━━━━━ SUPPLIED DATA ━━━━━

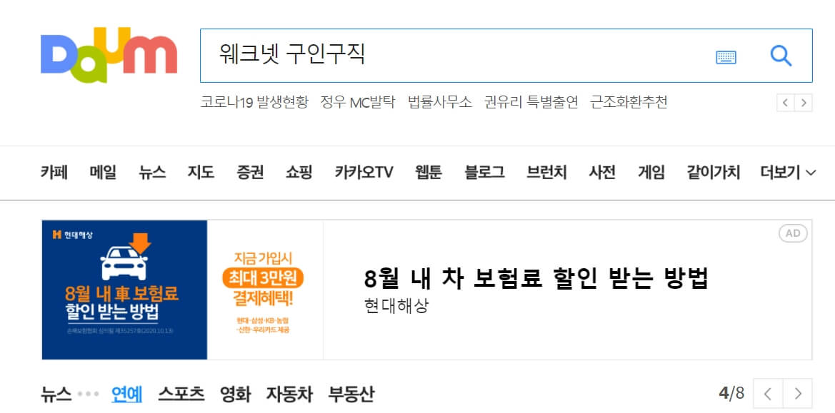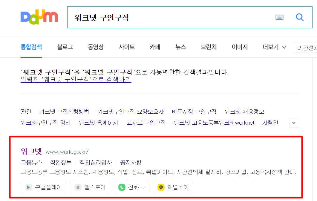 1. 다음(daum) 검색창에 "워크넷 구인구직"이라고 검색을 합니다.
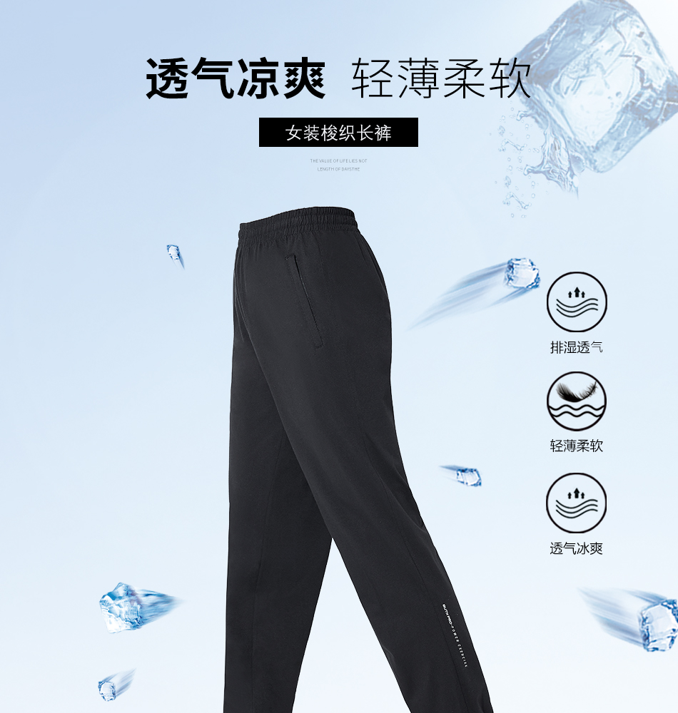 3232巴特侬(butnon)运动裤女子春夏休闲裤子梭织跑步长裤凉爽透气黑色基础款
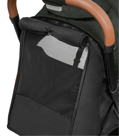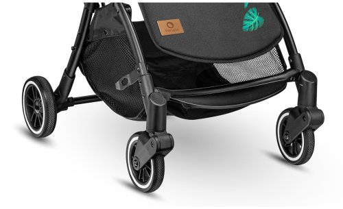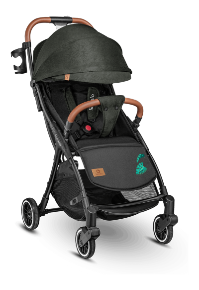 vyrobený z vysoko kvalitných materiálov odpružené kolesá z gumy a polyuretánu (predné 5,11 ", zadné 5,9") hliníkový rám, ľahká a odolná konštrukcia viacstupňové nastavenie opierky chrbta pomocou otočného gombíka nastaviteľná opierka nôh odnímateľné madlo pre deti (na oboch stranách kočíka ) 5 bodové bezpečnostné pásy viacstupňová strieška so sieťovanou časťou rukoväť z eko-kože odnímateľný nánožník zo strán potiahnutý eko-kožou veľký kôš na nákup v spodnej časti kočíka moskytiéra držiak na nápoje praktická taška na prepravu zloženého kočíka ľahké skladanie do kompaktnej veľkosti
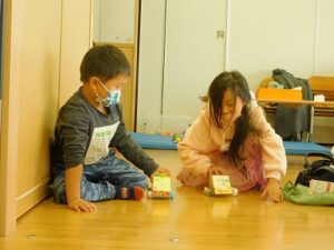 牛乳パックを使って、車とコマの制作を親子で楽しみました。
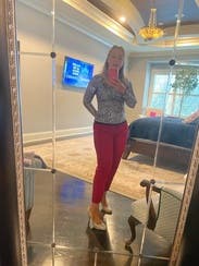 I really enjoyed this top. It was a little loose as I have been on a weight loss journey, but I still enjoyed it. The only issues I had were the lining kept peeking out from the hem and at the edge of the sleeves…it looked like just a part of the top though, so I didn’t stress over it. Most tops, I can wear a 16-18, so take that into consideration…some other reviews suggested going up in size and while I think I could have gone with the next size down, it definitely would have been more fitted. At the time of this photo, I weighed in at 214 and I am 5’7”. I would rent this again
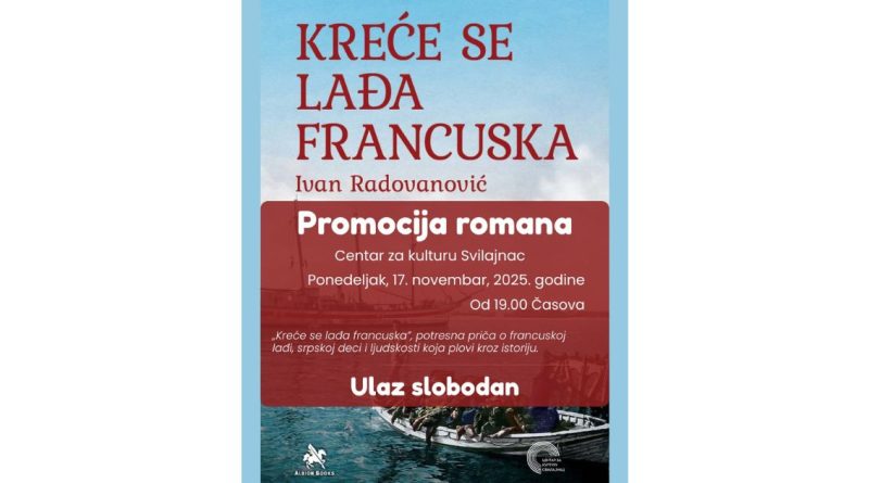 У Центру за културу Свилајнац 17. новембра 2025. године у 19 часова биће представљен нови роман „Креће се лађа француска” аутора Ивана Радовановића, у издању Албион букса (ALBION BOOKS). Улаз је слободан.
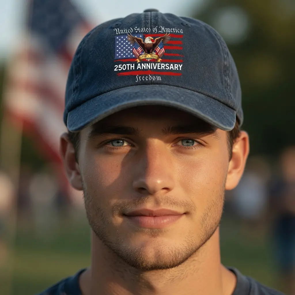 #USA250 #EagleHat #WashedDadHat #PatrioticCap #AmericanStyleHat #VintageHatStyle #FreedomHat #USAHat #FlagCap #IndependenceStyle

━━━━━

Only the lines from the one that contains "I really enjoyed" through the last line of the records may appear in the answer, retyped exactly and with no pictures.

- **REPLY TO THE EXERCISE**
 I really enjoyed this top. It was a little loose as I have been on a weight loss journey, but I still enjoyed it. The only issues I had were the lining kept peeking out from the hem and at the edge of the sleeves…it looked like just a part of the top though, so I didn’t stress over it. Most tops, I can wear a 16-18, so take that into consideration…some other reviews suggested going up in size and while I think I could have gone with the next size down, it definitely would have been more fitted. At the time of this photo, I weighed in at 214 and I am 5’7”. I would rent this again
 У Центру за културу Свилајнац 17. новембра 2025. године у 19 часова биће представљен нови роман „Креће се лађа француска” аутора Ивана Радовановића, у издању Албион букса (ALBION BOOKS). Улаз је слободан.
 #USA250 #EagleHat #WashedDadHat #PatrioticCap #AmericanStyleHat #VintageHatStyle #FreedomHat #USAHat #FlagCap #IndependenceStyle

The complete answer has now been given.